For those who may be too young to know about Linkous (he killed himself in 2010), be aware that the third Sparklehorse record, 2001’s It’s A Wonderful Life featured guest appearances by Tom Waits, PJ Harvey, Nina Persson, Joan As Policewoman and Adrian Utley (among others). With friends like that you know something is going on.
Sadly, Linkous’ short life…he was 47 when he died…was not an easy one, but his music made life more than bearable for those who took the time to listen.
The majority of the 14 tracks that comprise Bird Machine were recorded by Steve Albini and prepared for release by Mark’s brother Matt and his wife Melissa. The sessions took place prior to those that made up Sparklehorse’s previous ‘final’ album, Dark Night Of The Soul, co-produced with Dangermouse (see what I mean about friends in high places).
Bird Machine opens with one minute and fifty seconds of over-driven, distorted guitar and voice. It Will Never Stop comes on like a sharp slap to the face, forcing the listener to take notice.
Kind Ghosts follows…there are several ghosts that haunt this album…this one features eerie, backward-masked synths as Linkous’ pinched voice gasps, “I’ve swallowed a phantom and I forgot how to breath”. Later he sings, “Where were you, my kind ghosts, when I needed you?”, a cry for help if there ever was one.
Evening Star Supercharger has a more “classic’ Sparklehorse sound in that it is sadly melodic with a treated toy piano making an otherworldly sound.
The album has its share of emotional highs and lows. The distorted punk rocker titled I Fucked It Up is one of those highs while it is followed by the lo-fi Hello Lord.
We get a cover of Robyn Hitchcock’s Listening To The Higsons and one tune, Daddy’s Gone, left over from the Dangermouse sessions.
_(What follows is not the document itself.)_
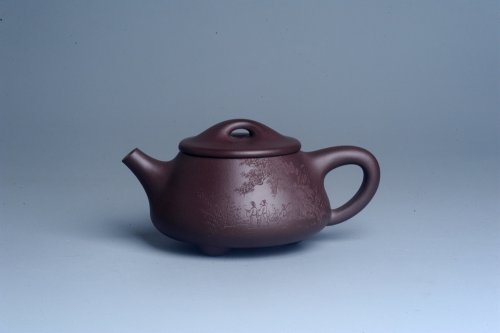 实力派助工周斌 优质底槽青全手工精工 子冶石瓢壶 张听钢精刻山水 青山似欲留人住 香茗何妨为客尝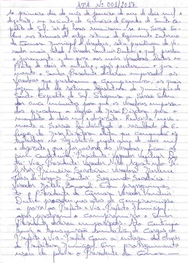 CÂMARA MUNICIPAL DE VEREADORES DE SANTO EXPEDITO DO SUL, 02 DE JANEIRO DE 2017.

But the real treats come late in the record. Tracks 11 and 12 seal the deal for me. Everybody’s Gone To Sleep manages to sound lush yet sparse, like some long lost outtake from The Beatles’ White Album. And Linkhous has never sounded more fragile or more heartbroken than on The Scull Of Lucia with harmonies from Grandaddy’s Jason Lytle.
Bird Machine holds together well as a cohesive album. I would have loved to have been a fly on the wall during the Albini sessions. Fortunately Matt and Melissa Linkous have given Mark a fitting epitaph.